Toddlers-what a special little bunch. So fun and active…so
excited about life…so damn bipolar it makes me want to beat myself with a blunt
object. They are moodier than a pregnant broad watching a Victoria’s Secret
commercial. One minute my little angel is giving hugs and kisses while gently
rubbing my hair, and the next minute I’m getting coldcocked by his mini right
hook. My poor face has taken a
beating for months! Most of the time there is a fair warning- he purses his
lips and angles his eyebrows downward with a sweet yet psychotic gleam in his
eye. I must say I’ve become an expert at the bob-and-weave. But other times he
blindsides me with a Thomas the Tank Engine to the side of my dome. I have
talked to other parents about toddler aggression, and apparently it is a “boy
thing.” What a crock! Are you telling me my sweet little boy is genetically
wired to beat the shit out of me? The pain, suffering, and stretching my body
went through to create a miniature menace is quite ironic.

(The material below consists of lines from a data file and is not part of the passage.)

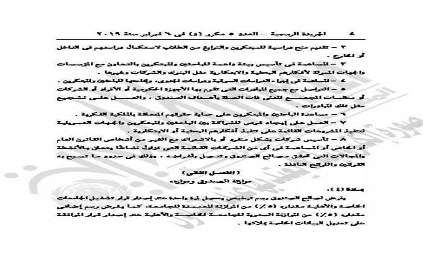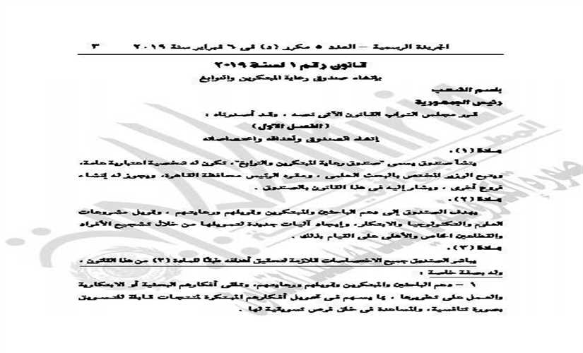 أصدر الرئيس عبد الفتاح السيسي القانون رقم واحد لسنة 2019 بإنشاء صندوق رعاية المبتكرين والنوابغ.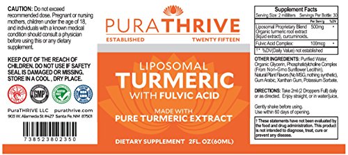 -. Feature : RELIEVE INFLAMMATION AND PAIN QUICKLY AND PERMANENTLY: Exclusive Bioavailable Full-Spectrum Organic Turmeric Supplement extinguishes nagging aches, joint pain, arthritis, and inflammation. Goodbye to the constant pain...engage in the activities you love! Fast, effective relief from arthritis | back pain | hip pain | knee pain | muscle pain | headaches | fibromyalgia... +FREE "Turmeric Miracle Secrets" eBook! 50 pages of amazing info. / UNLOCK THE FULL POWER OF TURMERIC: More Active, Better Bioavailability, Faster absorbed. Liquid Turmeric Extract with Liposomes and Fulvic Acid offers absorption like never before.. Your brain, joints, immune system, mood and energy will benefit. Accept no substitutes, improve your health risk-free with our money back guarantee (see details below) / NATURAL PAIN RELIEF - FEEL YOUR BEST! 100% Pure Organic GMO Free, Made In The USA in an FDA and cGMP certified facility. Gluten, Wheat and Dairy Free, Heavy Metals Free and Prop 65 Compliant for Heavy Metals No Fillers, no additives,. Rest assured with PuraTHRIVE you have found the highest quality, maximum potency, and best delivery system. / UPSET STOMACH? STOP POPPING PILLS NOW - Many people suffer with heartburn, indigestion, and discomfort caused by Turmeric Curcumin capsules and powders. PuraTHRIVE's Unique Organic Liquid Turmeric Curcumin Formula Tastes Great and it's easy to digest. The liposomes and natural fulvic acid make it bio-active...so you'll feel great! / SEE THE BENEFITS OR YOUR MONEY BACK - We care about your health, and we want you to Thrive. You are backed by PuraTHRIVE's unconditional commitment to your absolute satisfaction 100% Guaranteed. No questions asked. Take action with confidence. We've got you covered.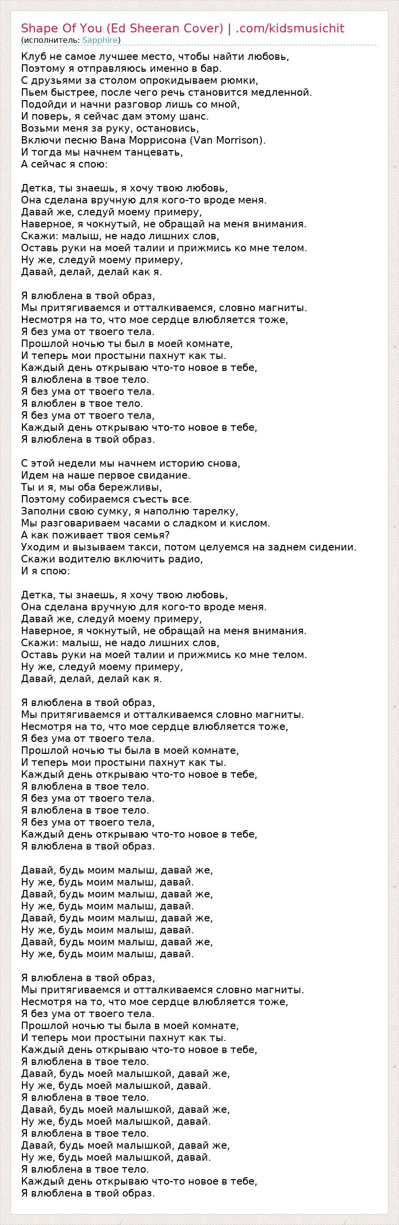 А как ты думаешь, о чем песня "Shape Of You (Ed Sheeran Cover) | .com/kidsmusichit" ?

But the abuse is not exclusively physical. I take quite an
emotional beating from this little guy, too. Let me set the scene…I have just
finished taking a 38 second shower (because that’s all the time I can afford to
leave my child alone, and even that is too much time). As I open the shower
door and reach for my towel, two big, brown, batting eyes greet me. I open my
mouth to say ‘hello’ to him, but he quickly cuts me off and screams
“Eeeeewwwwwwwwww!” while pointing and laughing at my naked body. I know, right?! What an ass. Does he not
understand how hard it is to find time to workout? Did he not see the new
NutriBullet on the counter?! I’ve been making juice! I just signed up for a ½
marathon, for God’s sake! Where’s the credit for that? But, he just pointed,
laughed, and then changed the subject to choo-choos, as if I would easily
transition to a new topic after being humiliated in my own bathroom. Too bad your choo-choos can’t pay my
therapy bill. Sometimes we will be snuggling on the couch together and he will
lift up my shirt and squeeze my gut while laughing. I GET IT. I need to lay off
the cookies. Thanks for the constant reminder, Jillian friggin Michaels.
I was so happy when my little monkey started talking. To
hear him say “Love you” is priceless. That is until the day you say, “Love you”
to him and he responds with, “NO!”
Really?...No? Like you have any idea how
much I love you, you sassy little thing. You will tell me you love me -and you
will like it!
It seems like only
yesterday I was holding my sweet, SILENT, stationary little boy. Now I have an
unpredictable toddler in my midst. If you are out there suffering in silence,
just know that you are not alone. I would really like to tell you that the
abuse will soon cease, but sister, that ain’t gonna happen. Bear down and
prepare to be lovingly abused for the next several years. And remember to bob-and-weave.